Lenox Avenue Shuffle - "Bubber" Miley, James Wesley

Par Olivier Douville

Lenox Avenue Shuffle - "Bubber" Miley - James Wesley (1903-1932) - 78t - New York, 1924-07-10, Vocalion Orchestre : The Texas Blues Destroyers : Bubber Miley (cornet) ; Alvin Ray (orgue)

Bubber Miley est né en Caroline du Sud. Ses premiers essais le montrent peu soucieux de s’approprier le jeu des maîtres de la Nouvelle-Orléans qu'il connaît de loin. Son apprentissage se fait en imitant les musiciens de Harlem, formés à la rude école d’un ragtime adapté aux conventions d’un grand orchestre. C'étaient des clients sérieux et considérés, et leur jeu assez sec et rigide pouvait impressionner en raison de l'autorité mécanique qui le caractérise. Un de ses premiers modèles est le vétéran Cricket Smith, un pilier de l’orchestre de Jim Europe , il travaille alors sous l'égide de Johnny Dunn (ce musicien a servi en France en 1917 et 1918 comme clairon) qui joue le rôle de directeur musical du groupe de la chanteuse Mamie Smith.

En 1922, c’est l’illumination. En compagnie du clarinettiste et saxophoniste Garvin Bushell, Miley, alors à Chicago, s'il est sous le charme de la chanteuse Mamie Smith et sous le coup de l’audition de la musique du roi Joe Oliver.

Bushell raconte « … à Chicago, Bubber et moi allions écouter King Oliver au Dremland toutes les nuits. C’était la première fois que j’écoutai du jazz de la Nouvelle-Orléans.… Les trompettes et les clarinettes de l’est possédaient un jeu plus orthodoxe, mais leur sonorité à eux était plus émouvante. C’était moins cultivé mais plus proche de la manière dont le gens ressentaient les choses… Buber et moi en restions bouche bée… Après que nous les ayons entendu Oliver etDodds devinrent notre inspiration unique ».

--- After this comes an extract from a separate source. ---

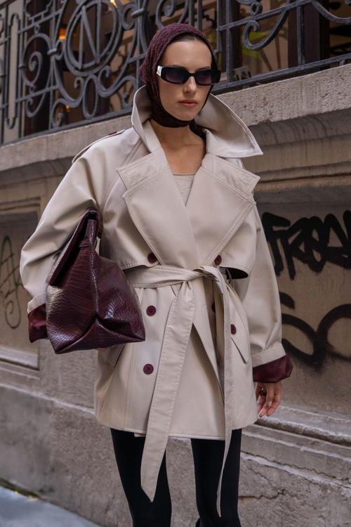 Basen altı hafif bol kesim, ayarlanabilir kemerli, cepli, rüzgarlık detaylı trençkot.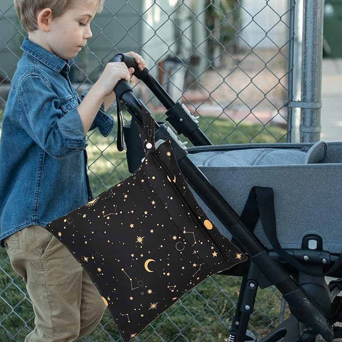 - 2 ZIPPERED POCKETS & HANDLE DESIGN: The 2 pack cloth diaper bags are designed with 2 Zippered compartments to keep wet and dry clothes separately, or separate dirty and clean diapers. There's a handle with a button on one side for hanging up, convenient to carry and attach to your stroller, doorknob, towel rack, hook or handbag.

Miley est devenu, en 1923, membre de l'orchestre du banjoïste Elmer Snowden, groupe qui deviendra rapidement le premier noyau de l'orchestre de Duke Ellington.

Dans cette face enregistrée deux ans après cette révélation "oliverienne", la musique de Miley est en train d’édifier sa construction. Ses deux principales influences successives, Dunn, puis Oliver, étaient des maîtres de la sourdine. Du premier, il conservera la netteté de l'attaque, de l'autre, le sens du lyrisme et du tragique. Si la charge émotionnelle est là, l’articulation du musicien est plus souple et plus capricieuse que celle de ses maîtres louisianais. Des possibilités de brisures et se sinuosités s’accordent avec l’urgence d’exprimer tout le suc, toutes les perles de voix qui gémissent dans son instrument et que fait vibrer la sourdine "wa wa". La vitalité de Miley est extrême il lui manque encore une destination, une maison, celle que Duke est en train de lui bâtir.

Bubber Miley avait déjà gravé quelques 78 tours, dès 1923, il était alors le second cornettiste de la petite formation de Thomas Morris et n'avait pas encore un style bien défini.